_REQUIRED WORK:_
Once the line holding "Nada de guiones" is found in the entries below, transcribe exactly every line up to and including the one holding "2026年市纪委书记新任职干部集体廉政谈话讲话稿最新.docx", but leave out the pictures.

(Excerpts from a dataset)
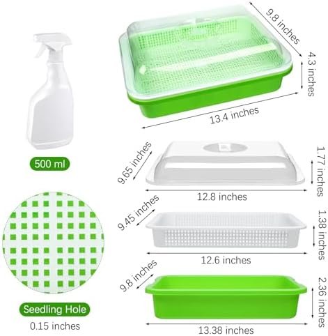 Packaging includes: you will receive 6 sets of seed sprouter trays with lids and 1 piece of 500 ml spray bottle, enough to meet your planting need; each seed sprouter tray with lid as a whole measures 13.4 x 9.8 x 4.3 inches, the lid is 12.8 x 9.65 x 1.77 inches, the inner tray is 12.6 x 9.45 x 1.38 inches, the bottom tray is 13.38 x 9.8 x 2.36 inches, and the seedling hole is 0.15 inches, the completed sprouts growing kit is enough for you to use
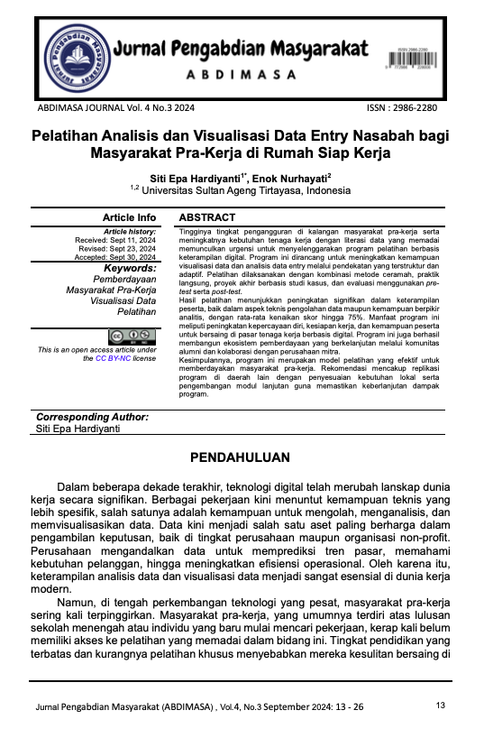 Tingginya tingkat pengangguran di kalangan masyarakat pra-kerja serta meningkatnya kebutuhan tenaga kerja dengan literasi data yang memadai memunculkan urgensi untuk menyelenggarakan program pelatihan berbasis keterampilan digital. Program ini dirancang untuk meningkatkan kemampuan visualisasi data dan analisis data entry melalui pendekatan yang terstruktur dan adaptif. Pelatihan dilaksanakan dengan kombinasi metode ceramah, praktik langsung, proyek akhir berbasis studi kasus, dan evaluasi menggunakan pre-test serta post-test.
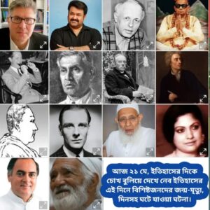 আজ ২১ মে, ইতিহাসের দিকে চোখ বুলিয়ে দেখে নেব ইতিহাসের এই দিনে বিশিষ্টজনদের জন্ম-মৃত্যু, দিনসহ ঘটে যাওয়া ঘটনা।।।।
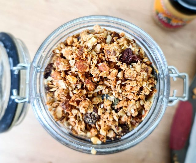 Јас си правам често и имам споделувано неколку рецепти. Секогаш додавам различни работи, зависи што имам дома. Кога е гранолата во прашање најбитни е покрај сувите состојки да имате и влажна смеса која ќе може да ја поврзе целата содржина. Јас најчесто како влажна смеса користам путер од јатки, мед и кокосово масло.
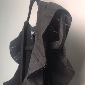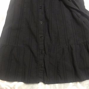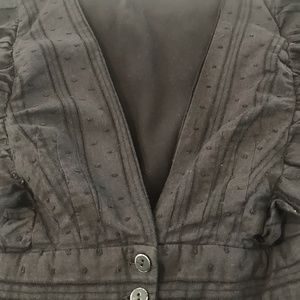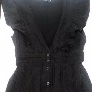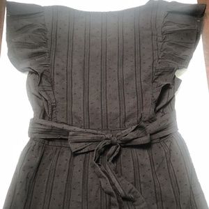 It has a deep v-neck with ruffle detail at the hem and shoulders..
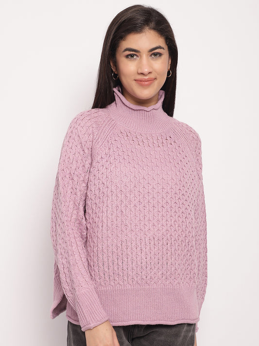 Acrylic High-Neck Full Sleeve Cable knit Purple Sweater
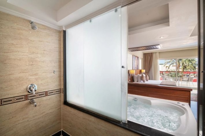 На территории — 520 просторных номеров и сьютов, пять ресторанов, бары у бассейнов и на пляже, а также круглосуточное обслуживание номеров.
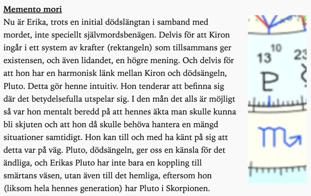 Men först en samvetsfråga. Får man verkligen gå en människa så inpå livet? Alltså går det an? Analyser med denna metod – enkel astrologi, världens äldsta och mest beprövade analysmetod – kan ge inblickar i en annan människas psyke som vederbörandes nära och kära inte ens har anat. Ja, som vederbörande själv inte har koll på. Så, vem är du att ta del av sådan upplysning – och vem är jag att offentliggöra den?
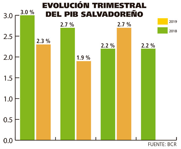 Bajo esos escenarios desafiantes, sumó, se mantiene la proyección que la economía salvadoreña crezca un 2.3 % al término de 2019 y llegue a un 2.5 % para 2020. “Es un trabajo por hacer (…) el crecimiento no es una labor que le compete al Gobierno, solo facilita algunas condiciones para que los agentes productivos se desenvuelvan con eficiencia”, indicó.
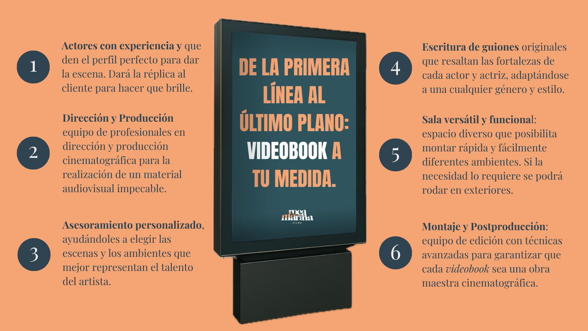 Nada de guiones reciclados: escribimos material a medida para mostrar lo mejor de tu interpretación. Nos ocupamos de todo el proceso: guion, dirección, ensayo, rodaje y montaje. Te acompañamos en cada decisión.
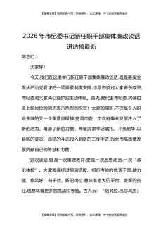 2026年市纪委书记新任职干部集体廉政谈话讲话稿最新.docx
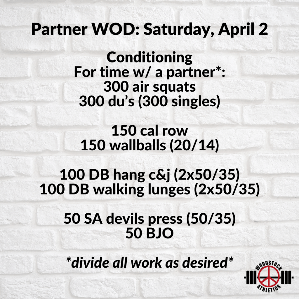 Partner WOD: Saturday, April 2 Posted bySteph VermeychukApril 2, 2022March 27, 2022Posted inWorkout of the Day Share this: Click to share on X (Opens in new window) X Click to share on Facebook (Opens in new window) Facebook Like Loading... Related

_SOLUTION FOR THIS EXERCISE:_
 Nada de guiones reciclados: escribimos material a medida para mostrar lo mejor de tu interpretación. Nos ocupamos de todo el proceso: guion, dirección, ensayo, rodaje y montaje. Te acompañamos en cada decisión.
 2026年市纪委书记新任职干部集体廉政谈话讲话稿最新.docx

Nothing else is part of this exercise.